COLLECTED DATA: Begin
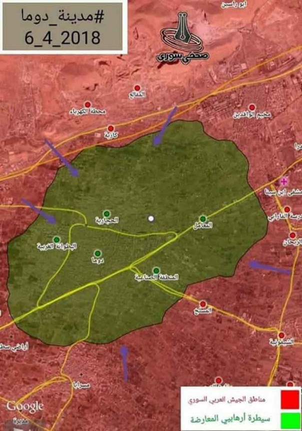 Впрочем, на данный момент, оборона исламистов уже начала сыпаться. Задействованные командованием ВС САР силы в несколько раз превосходят боевиков по численности, поэтому они вынуждены постепенно отступать. Ожидается, что освобождение Думы займет несколько дней.
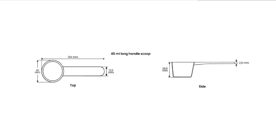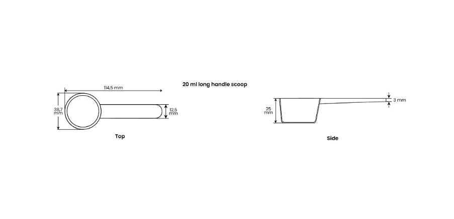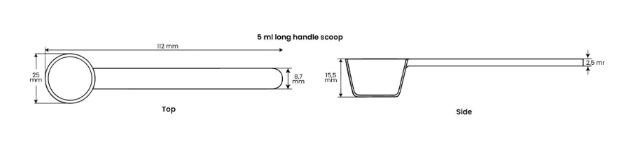 Discover these measuring scoops with long handle! Available in sizes from 1 to 40 ml, so you can dose accurately. They are made of sturdy and 100% recyclable PP material (recycle code 5).
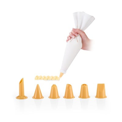 Ideální pomocník pro dekorování a plnění pokrmů. Vyrobeno z kvalitního neprosakujícího bavlněného plátna a odolného plastu. Před prvním a po každém použití umyjte sáček i trysky pod tekoucí vodou, trysky jsou vhodné do myčky.
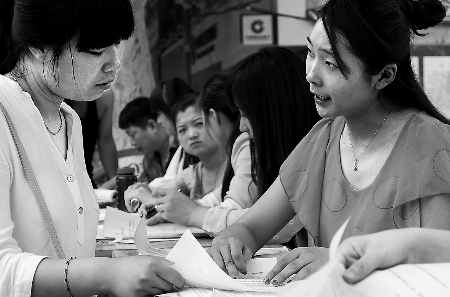 這也表現(xiàn)在當天的招聘活動上。在當天活動的鄭州主會場,即將大專畢業(yè)的朱康想找一份圖文設(shè)計的工作,這和她的專業(yè)對口。“挺難找的,好多是話務(wù)員、銷售、傳菜員之類的技能性不高的工作。放棄專業(yè)去做其他的,感覺沒有優(yōu)勢,未來發(fā)展空間也不大?!敝炜嫡f。
COLLECTED DATA: End
- PROBLEM TO WORK ON -
Pictures aside, print every line of the material exactly.

- ANSWER SPACE -
 Впрочем, на данный момент, оборона исламистов уже начала сыпаться. Задействованные командованием ВС САР силы в несколько раз превосходят боевиков по численности, поэтому они вынуждены постепенно отступать. Ожидается, что освобождение Думы займет несколько дней.
 Discover these measuring scoops with long handle! Available in sizes from 1 to 40 ml, so you can dose accurately. They are made of sturdy and 100% recyclable PP material (recycle code 5).
 Ideální pomocník pro dekorování a plnění pokrmů. Vyrobeno z kvalitního neprosakujícího bavlněného plátna a odolného plastu. Před prvním a po každém použití umyjte sáček i trysky pod tekoucí vodou, trysky jsou vhodné do myčky.
 這也表現(xiàn)在當天的招聘活動上。在當天活動的鄭州主會場,即將大專畢業(yè)的朱康想找一份圖文設(shè)計的工作,這和她的專業(yè)對口。“挺難找的,好多是話務(wù)員、銷售、傳菜員之類的技能性不高的工作。放棄專業(yè)去做其他的,感覺沒有優(yōu)勢,未來發(fā)展空間也不大?!敝炜嫡f。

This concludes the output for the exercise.